- Może myśleć, że jestem łatwiejszym przeciwnikiem, że to łatwa walka - powiedział Demirezen w rozmowie z BoxingScene.com. - Ale on nie ma pojęcia, co pokażę na ringu - zapowiada.
Turek do tej pory przegrał tylko jeden pojedynek w zawodowej karierze. Trzy lata temu pokonał go na punkty prospekt wagi ciężkiej Efe Ajagba. Olimpijczyk z 2016 roku aż 12 pojedynków wygrał przed czasem.
Ali Eren Demirezen zażartował, że polski pięściarz powinien planować zakończenie kariery po walce z nim. "Babyface" do starcia przystąpi po dwóch dotkliwych porażkach z Robertem Heleniusem.

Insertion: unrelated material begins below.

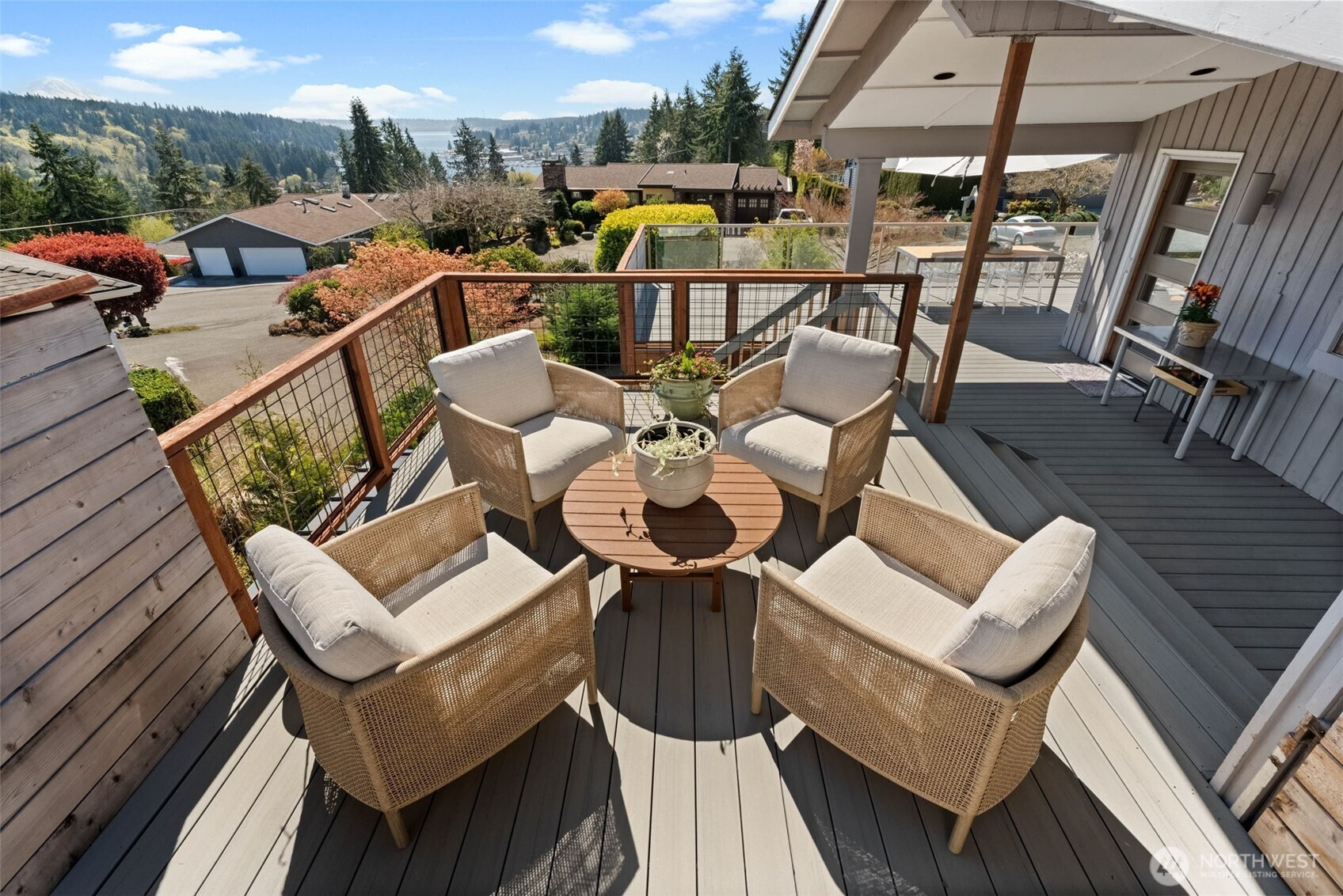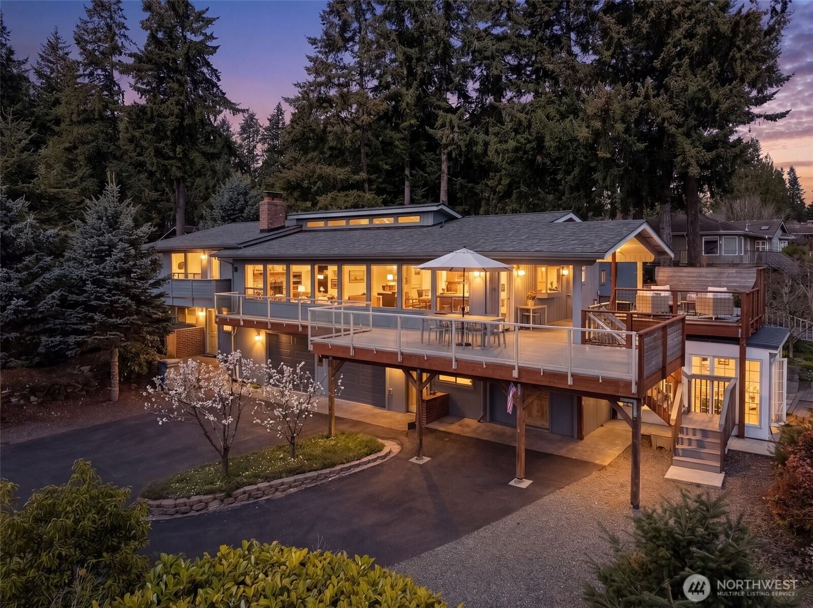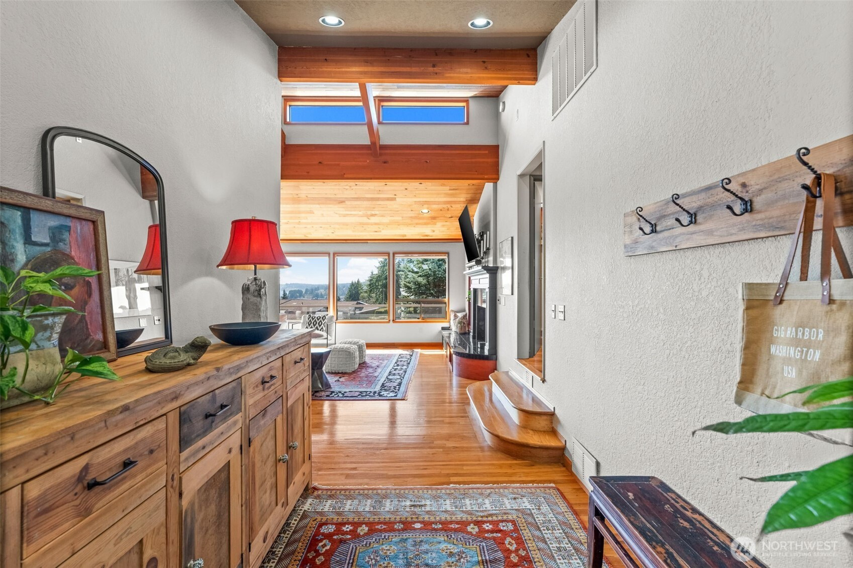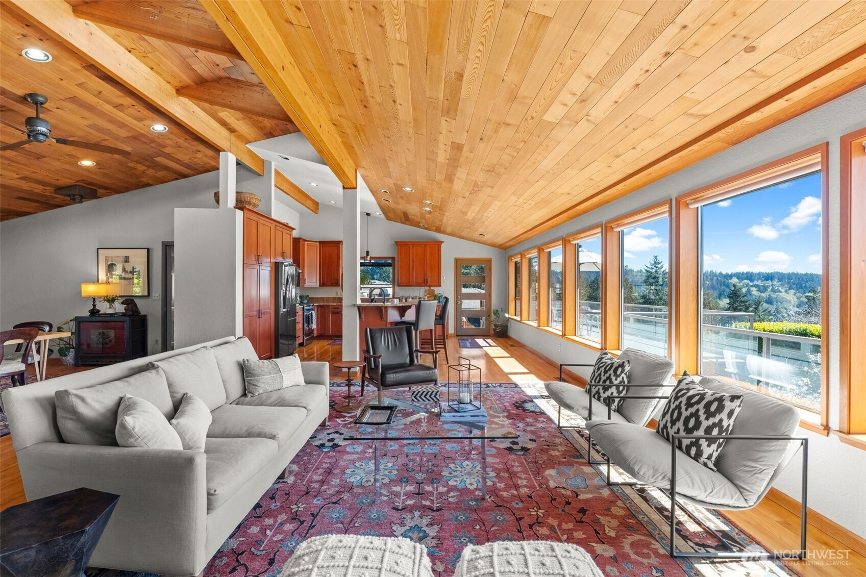 Don't let the photos fool you, the views have to be seen in person. Positioned in the heart of Gig Harbor's coveted view basin, this PNW contemporary delivers a front-row seat from Mt. Rainier to the living harbor, sunrises, sailboats, and mountain silhouettes, all from home. Live "in town" without the downtown congestion. Walk to Morso, Finholm's, and Devoted Kiss and more. Local public transit nearby. The location is irreplaceable and the gardens and established landscaping is the cherry on top. Designed for main level living, primary suite, main living, office, kitchen, laundry and dining all on one floor. Downstairs, a fully finished daylight basement with full bath & sauna + washer/dryer and separate entrance creates natural separation, ideal for guests, multigenerational living, or a short-term rental opportunity (permits required). The home has been extensively reimagined with over $300K in documented improvements: fresh roof (2026), Hardie board siding, remodeled baths and bedrooms, renovated greenhouse, rebuilt Timbertek decks, major landscaping and irrigation, and a laundry/pantry addition. But wait there's more, incredible garage space + parking for entertaining, you won't find a better lot this year! Lives like new construction in the heart of the harbor. City sewer | Public water | 2,642 SF | 3 bed | 2.5 bath (.75 in primary, 1/2 upstairs, .75 downstairs) | Vaulted ceilings | Hardwood floors | RV parking | Shop | Corner cul-de-sac lot | No HOA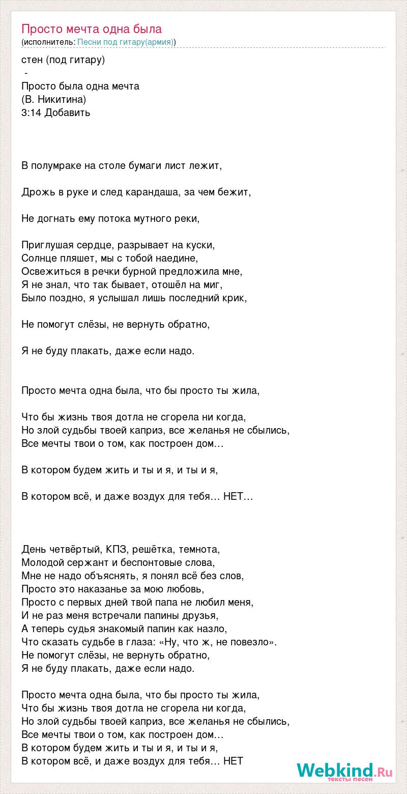 стен (под гитару) - Просто была одна мечта (В. Никитина) 3:14 Добавить В полумраке на столе бумаги лист лежит, Дрожь в руке и след карандаша, за чем бежит, Не догнать ему потока мутного реки, Приглушая сердце, разрывает на куски, Солнце пляшет, мы с тобой наедине, Освежиться в речки бурной предложила мне, Я не знал, что так бывает, отошёл на миг, Было поздно, я услышал лишь последний крик, Не помогут слёзы, не вернуть обратно, Я не буду плакать, даже если надо. Просто мечта одна была, что бы просто ты жила, Что бы жизнь твоя дотла не сгорела ни когда, Но злой судьбы твоей каприз, все желанья не сбылись, Все мечты твои о том, как построен дом… В котором будем жить и ты и я, и ты и я, В котором всё, и даже воздух для тебя… НЕТ… День четвёртый, КПЗ, решётка, темнота, Молодой сержант и беспонтовые слова, Мне не надо объяснять, я понял всё без слов, Просто это наказанье за мою любовь, Просто с первых дней твой папа не любил меня, И не раз меня встречали папины друзья, А теперь судья знакомый папин как назло, Что сказать судьбе в глаза: «Ну, что ж, не повезло». Не помогут слёзы, не вернуть обратно, Я не буду плакать, даже если надо. Просто мечта одна была, что бы просто ты жила, Что бы жизнь твоя дотла не сгорела ни когда, Но злой судьбы твоей каприз, все желанья не сбылись, Все мечты твои о том, как построен дом… В котором будем жить и ты и я, и ты и я, В котором всё, и даже воздух для тебя… НЕТ

32-latek nie obawia się dopingu polskich kibiców, bo ma doświadczenie w wyjazdowych pojedynkach. - Czuję, że gdziekolwiek wkroczę, to moja ziemia. Nie martwię się o walkę w jakimkolwiek miejscu [...] Tak naprawdę nie martwię się o sędziów ani nic w tym rodzaju - dodał.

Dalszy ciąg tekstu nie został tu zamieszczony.